JQY Executive Director Rachael Fried said in a statement that during the pandemic, JQY pivoted to providing several of its key programs virtually, allowing youth from around the country and world to take part and underscoring the need for its services.

“When we went virtual with COVID, we found that there were LGBTQ youth from Orthodox homes all over the country and world,” Fried said. “The first city where we started seeing a critical mass of people coming from was the Baltimore/Silver Spring area.”

JQY will be working with community leaders and stakeholders in the Baltimore area to determine the specific needs of local participants. The organization hopes to open the Maryland drop-in center in the fall. The exact location has not yet been determined, but Fried said the organization hopes to arrange transportation to the center so it can serve both Baltimore and Silver Spring.

In addition to the resources that the community expresses a need for, the center will have social workers available for check-ins, kosher dinners, games and programming.

The drop-in center will be geared toward those ages 13-23.

“People are coming out younger and younger and finding themselves in complicated situations where they need extra support,” Fried said.

JQY provides a place for young people to be out when they might not be able to be with their families or in other parts of their community.

“There is also a need for mental health support, especially right now,” Fried said, explaining that the pandemic has particularly exacerbated mental health issues for LGBTQ youth.

For many Orthodox, Chasidic and Sephardic/Mizrahi LGBTQ youth, JQY provides a sense of community that is difficult for them to find elsewhere.

“Somebody can come to a space that is LGBTQ and still feel like it doesn’t really work for them because they’re still an outsider because they’re Jewish,” Fried explained.

Orthodox youth can also feel like outsiders in some Jewish spaces when they are not geared toward their specific communities.

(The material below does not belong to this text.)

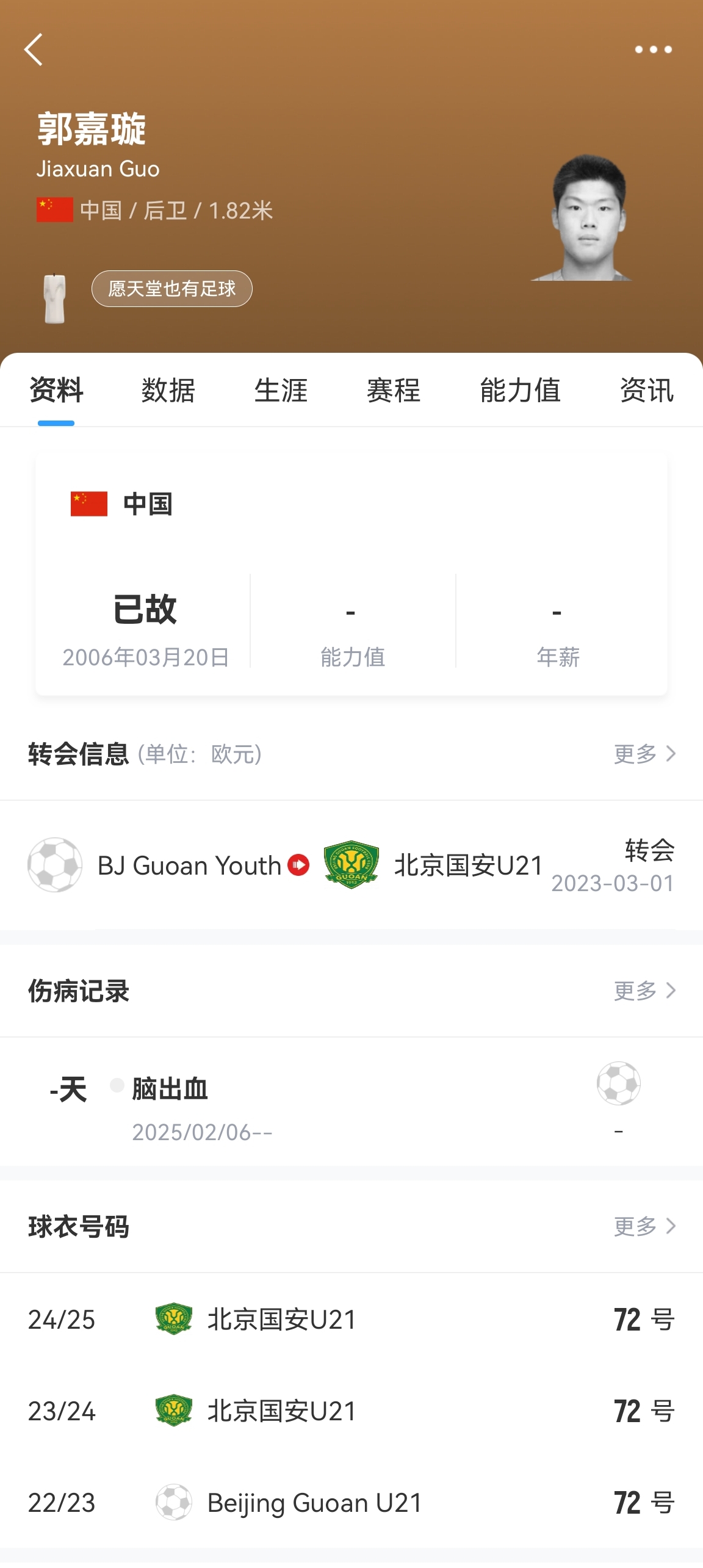 3月19日,國(guó)安小將郭嘉璇在天壇醫(yī)院去世,年僅18歲,當(dāng)時(shí)距離他19歲的生日只有1個(gè)小時(shí)。

“A lot of people thought they were the only ones like them in the world before they came to JQY,” Fried said. “We have Orthodox cultural competencies and sensitivities and LGBTQ competencies and sensitivities. That’s something that’s incredibly difficult if not impossible to find elsewhere.”

The Maryland drop-in center will provide a physical space for local youth to come together who share the identities of being both LGBTQ and Orthodox.

“For people who didn’t know there was a community, we celebrate them as a community and make them know that they’re part of it,” Fried said.

The recent gift is JQY’s biggest donation since it launched as a nonprofit in 2012, according to a release from JQY. The organization also plans to open drop-in centers in New Jersey, Chicago and South Florida, and to expand the staffing for the organization’s crisis phone line.

The clinical program and hotline will be renamed in honor of the donors.

“I’m really excited that we’re able to come to Baltimore and these other communities,” Fried said. “I’m grateful that we have a donation where our participants will be directly impacted.”

In addition to direct outreach to LGBTQ Orthodox youth, JQY offers training programs for Jewish schools, camps, youth organizations, synagogues and mental health professionals.

Nearly all Orthodox communities and institutions do not allow same-sex marriage or sexual relations between people of the same gender.

Parts of this story originally ran on JTA.org.